The Resinol 90C gave the best fill of the wood pores because their is no solvent that evaporates but it is so very expensive and a real pain to use. Plus when you start sanding it down it is very irritating to the nose/lungs. Worse than any of the other stuff and worse than any of the exotic woods.
The Minwax worked but pores were not filled very well.
The BG42 acrylic beads were a pain to dissolve. Constant stirring is necessary for an extended length of time for a 2 gallon capacity and it wanted to clump up a lot.
Poly was simple, had a reasonable but not perfect wood pore filler %. The downside is that it took 3 months ( yes, 3 months) for the wood to dry and an oven did not help. In addition since it is partly a solvent the wood pores will not be completely filled. You will need to use a sealer on the wood when finishing.

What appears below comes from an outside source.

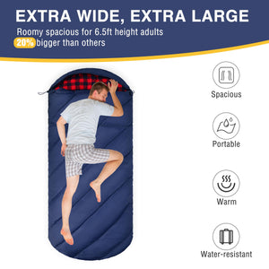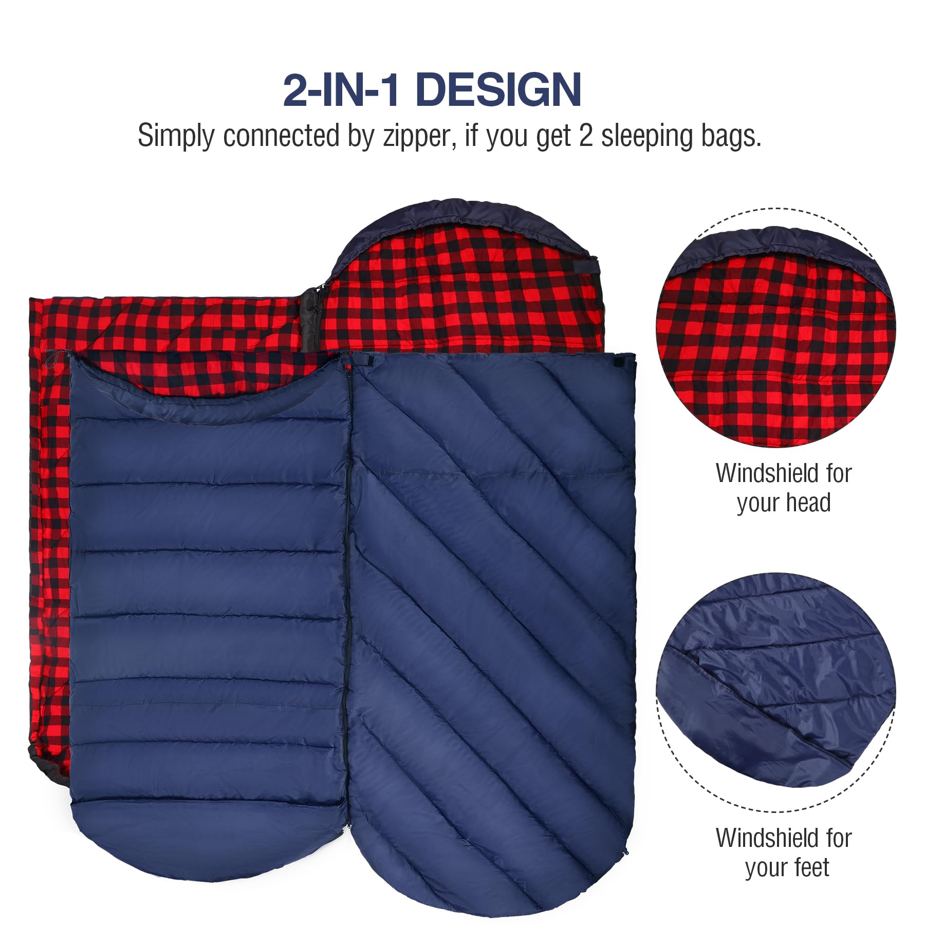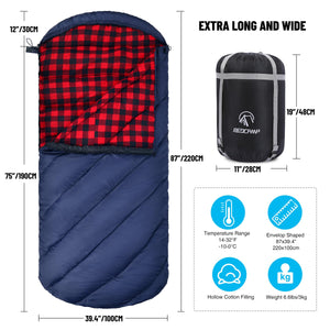 REDCAMP Extra-Wide Flannel Sleeping Bag – Red (4.4 lbs / 2 KG Filling)
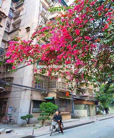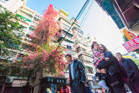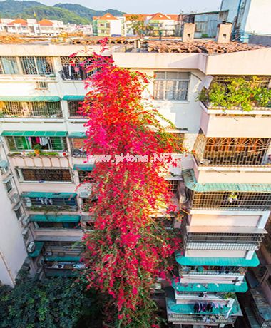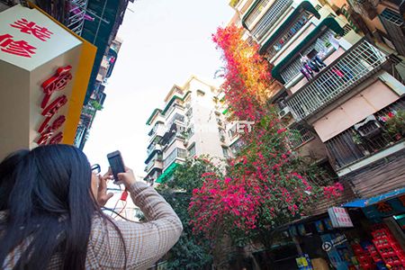 如今花枝已攀爬至第九层楼顶,粉色的簕杜鹃“瀑布”倾泻而下,街坊们每每路过都要驻足欣赏、拍照留影。

We did let the wood soak for a week in the various solutions and would release and re-pressurize several times during the week.
In the future I would be usen a combo pressure/vacuum setup for the best penetration.
The reason for the 1.25" square x 7" long was that I read that thinner stock may warp. The info I relied on when starting out came from the various knife forums.
If you try to sand/buff the wood before it is completely dry it will "smear" from the heat of the sander/buffer.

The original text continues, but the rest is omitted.